The Years of Extermination: Nazi Germany and the Jews, 1939–1945 is the second volume of Saul Friedländer's history of Nazi Germany and the Jews. It describes the German extermination policies that resulted in the murder of six million European Jews. The book presents a detailed history of the Holocaust and is based on a vast array of documents and memoirs. It won the 2007 Leipzig Book Fair Prize for Non-fiction and won the Pulitzer Prize for General Nonfiction in 2008.[1]
Friedländer is an Intentionalist on the origins of the Holocaust question. However, Friedländer rejects the extreme Intentionalist view that Adolf Hitler had a master plan for the genocide of the Jewish people going back to the time when he wrote Mein Kampf. Friedländer, through his research on the Third Reich, has reached the conclusion that there was no intention to exterminate the Jews of Europe before 1941. Friedländer's position might best be deemed moderate Intentionalist.
The first volume is The Years of Persecution: Nazi Germany and the Jews, 1933–1939 (1998).
Reception
Upon release, it received generally positive reviews.
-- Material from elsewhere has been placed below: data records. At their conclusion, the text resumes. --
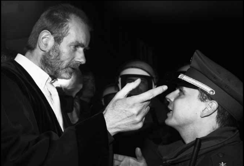
Der Richter Manfred Steinhoff spricht im Dezember 2008 vor dem Landgericht in Dessau am Rande des Prozesses um den Tod von Oury Jalloh mit Polizisten. Die beiden angeklagten Polizisten wurden knapp vier Jahre nach dem Tod des Asylbewerbers freigesprochen. Im Gerichtssaal kam es zu Tumulten.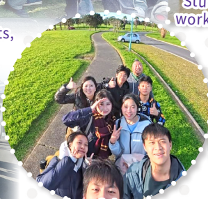
A cheerful group of students capturing the joy of a sunny morning, ready to embrace the day ahead in the beautiful outdoors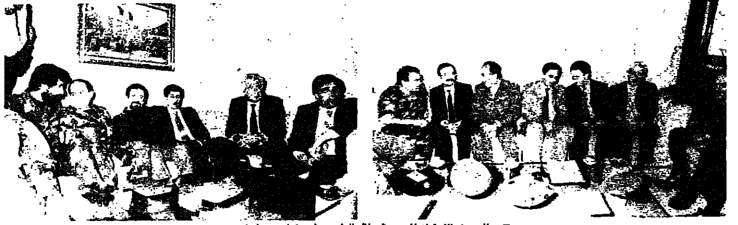
جانب من الاجتماع لتوسيع في منزل الرئيس رشيد كرامي مساء امس (محمود الطويل)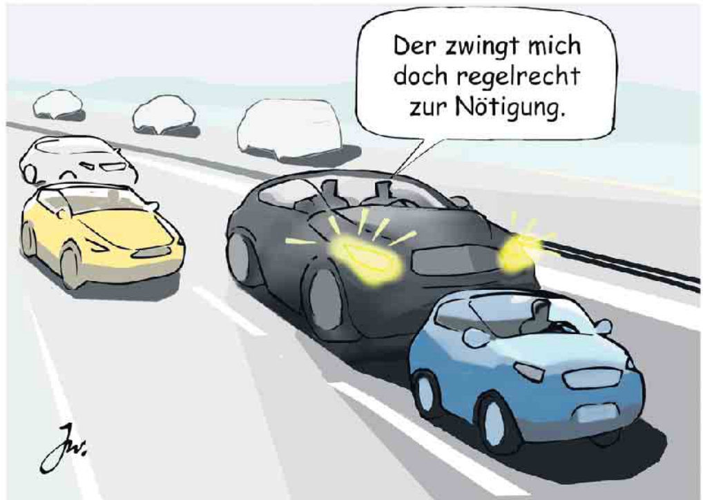
Falsche Reaktion auf Drängler: Demonstratives Langsamfahren auf dem linken Fahrstreifen trägt zur Eskalation bei.

Wenn man sich durch einen Drängler unter Druck gesetzt fühlt, sollte man nicht hartnäckig auf seinem Recht bestehen, sondern dem nervenden Zeitgenossen möglichst schnell das Überholen ermöglichen - ohne Hektik und ohne andere Autofahrer in Bedrängnis zu bringen. Ebenso gilt es zu vermeiden, die Bedrängnis, in die man durch den aufdringlichen Hintermann gebracht wird, an das vorausfahrende Fahrzeug weiterzugeben, indem man sich diesem zu sehr nähert. Denn daraus können unliebsame Ket-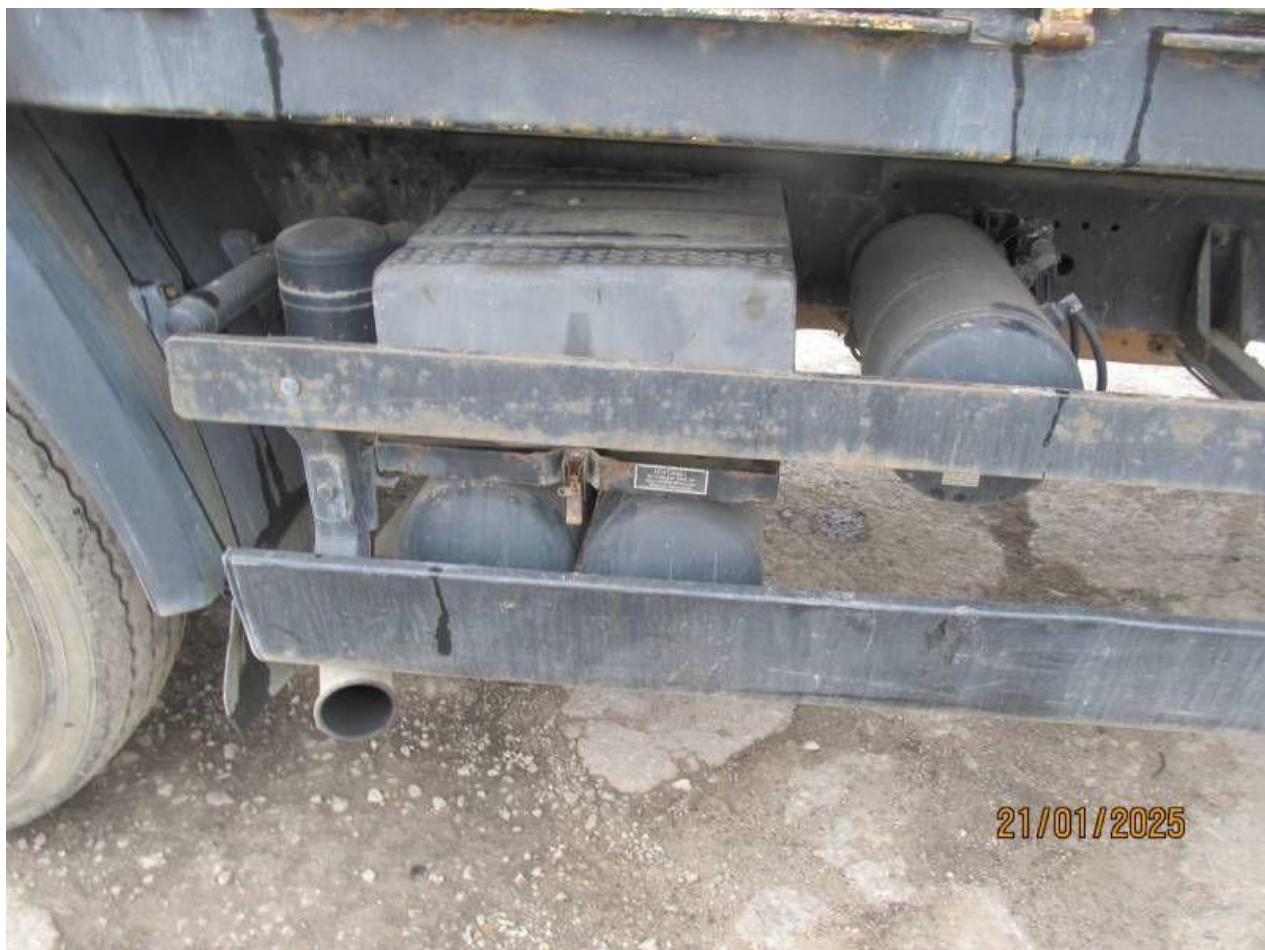
Fot. nr 74

According to Book Marks, the book received "rave" reviews based on five critic reviews, with three being "rave" and two being "positive".[2]
Historian Richard J. Evans, writing in The New York Times said that, though written with academic rigor, "what raises The Years of Extermination to the level of literature, however, is the skilled interweaving of individual testimony with the broader depiction of events."[3]